Berkali-kali ia meneguhkan hati dan berjalan mendekat ke arah Luna, namun setiap jarak diantara mereka semakin terkikis. Debaran di jantungnya yang kian cepat membuatnya mengurungkan niat.
'S*Al!!' umpatnya pada dirinya sendiri. Ia kesal, kenapa dirinya begitu pemalu.
Namun sepertinya takdir tengah membantunya, tepat saat Arion akan menyerah pada keinginannya. Luna yang melupakan sesuatu, berbalik dan tanpa sengaja menabrak Arion.
"Ah, maafkan saya!!" pekik Luna minta maaf, ia terlalu panik hingga tak melihat siapa yang telah ditabraknya.
Sembari memegang kepalanya yang terasa nyeri, karena berbenturan tadi. Ia kembali meminta maaf dengan khusyuk, "Sungguh saya minta maaf!"
"Apa kamu terluka?!" tanya Arion cemas. Ia spontan menyingkirkan tangan Luna yang memegang dahinya. Berniat memeriksa dahi Luna yang ternyata memerah.
Mendengar suara yang dikenalnya, Luna mendongak. Ia kaget karena melihat wajah Arion di depannya.
"Ah!! Maaf, saya tidak sengaja mas!" ujar Luna gugup. "Apa mas terluka?! Saya menabrak mas dengan kuat tadi!"
"Tidak apa..." sahut Arion, " Yang terluka kan kamu! Dahi kamu memerah!"
"Tidak mas, ini tidak apa-apa!" Luna menurunkan poni panjangnya untuk menutupi kemerahan di dahinya.
Arion tersenyum melihat tingkah lucu yang dilakukan oleh Luna.
Melihat Arion tersenyum, Luna kaget bukan kepalang.
'Ternyata pria ini bisa tersenyum padaku!' batin Luna. Selama ini ia pikir, Arion membencinya. Karena sering bersikap dingin padanya. Padahal dengan keluarga Bradley yang lain, ia terlihat ramah.
"Kamu ternyata bisa tersenyum, aku pikir kamu membenciku!" gumam Luna. Tanpa sadar ia mengungkapkan isi hatinya.
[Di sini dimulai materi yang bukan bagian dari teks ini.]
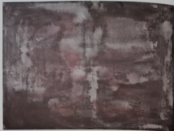
Kruchy vosk, 2008, akryl, plátno, 105 x 142 cm

Je to určitá pozoruhodná cesta, na jejímž konci je poznání sebe sama. Pohybový záznam, deník, který se skládá z různých důležitých, ale i banálních situací, deník, ve kterém sice nemůžeme listovat, ale vnímáme ho jako přerývaný děj. Je to letmý dotyk stopy energetických polí.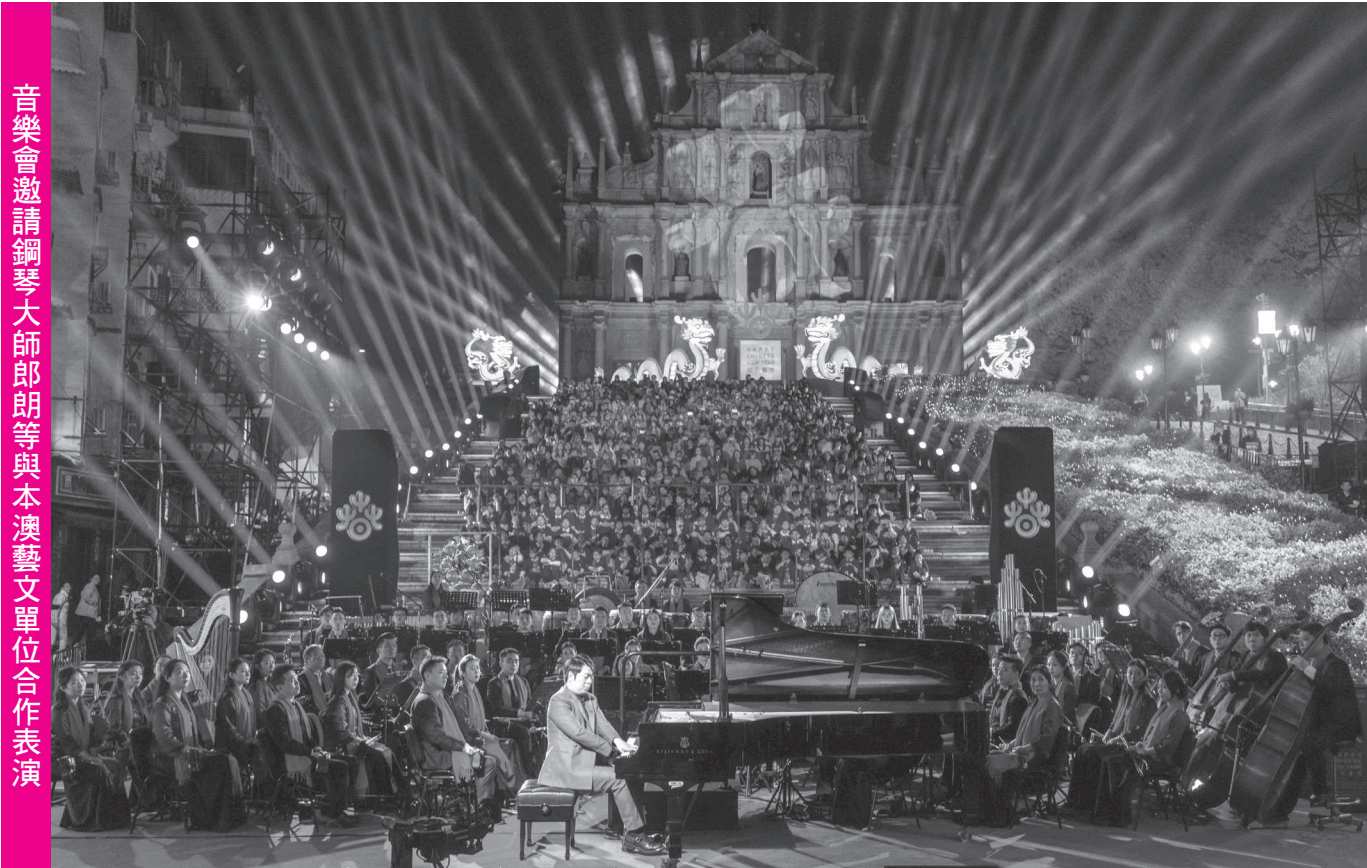
音樂會邀請鋼琴大師郎朗等與本澳藝文單位合作表演

旅部精心組織的龍年“歡樂春節”系列活動意義深遠，系列活動在澳門舉行啟動儀式，體現中央對澳門獨特文化地位的重視，凸顯澳門在國家對外文化傳播交流中重要作用，特區政府對此表示衷心感謝。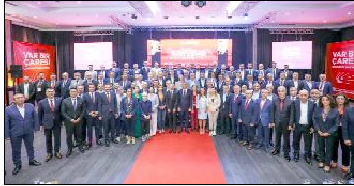
11-13 Ekim 2024 tarihleri arasında Bodrum'da 81 il başkanının katılımı ile düzenlenen toplantıda parti çalışmalarını değerlendirilerek, geleceğe yönelik hedef ve projeler belirlendi.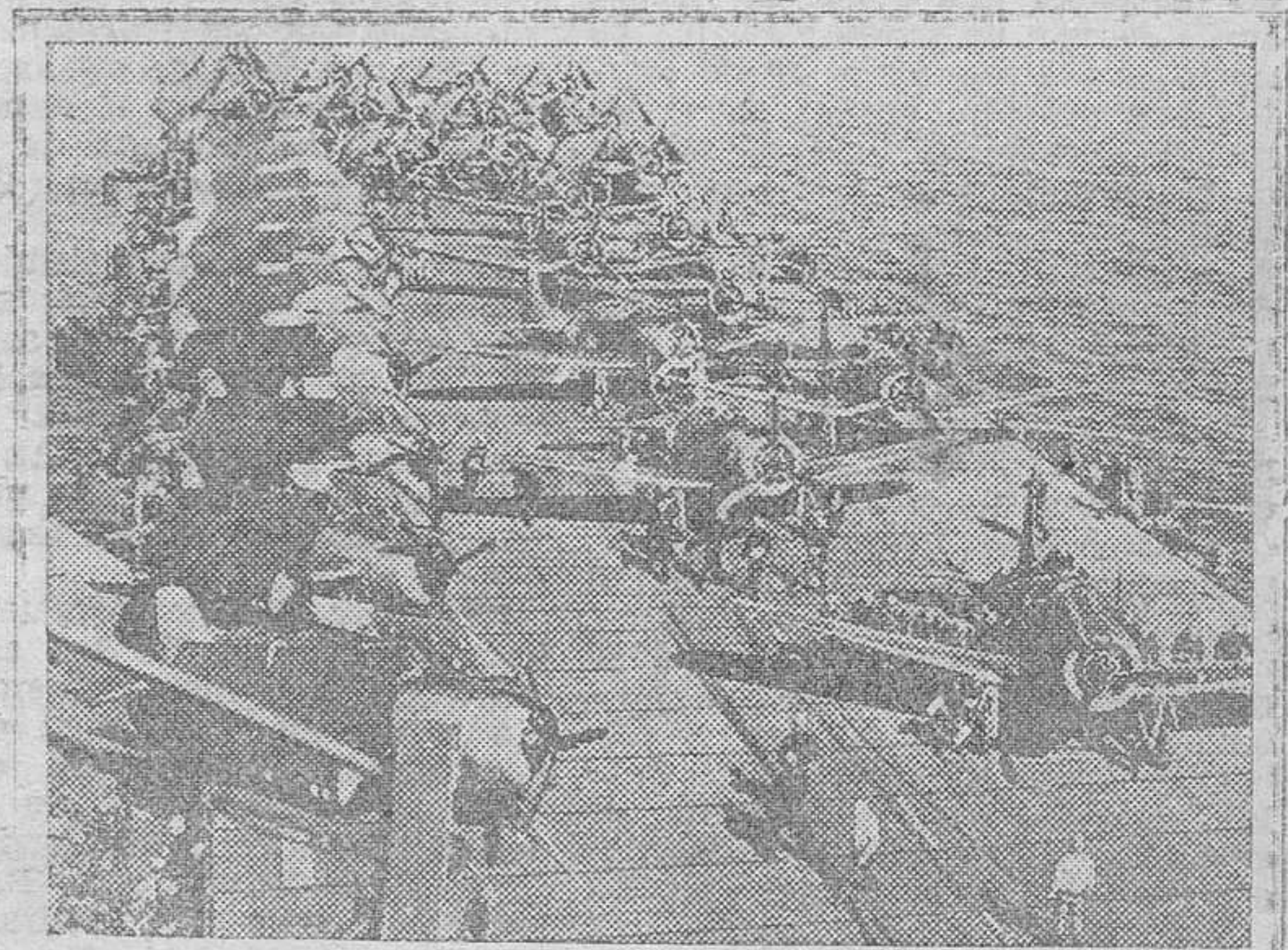
La cubierta de vuelo de este nuevo portaaviones americano, que fué antes un crucero ligero, atestado de cazas Wildcat, bombarderos Dauntless y torpederos Avenger

"Apa?!" Arion bertanya, samar-samar ia mendengar gumaman Luna.
"I-itu.. itu.. itu bukan apa-apa mas!" pekik Luna malu.
"Aku tidak pernah membencimu!" ungkap Arion kemudian.
"Apa?! Mas bilang apa?!" Luna kaget. Tak menyangka Arion akan merespon kata-katanya.
"Aku tak pernah membencimu, kenapa kau berpikir begitu?!"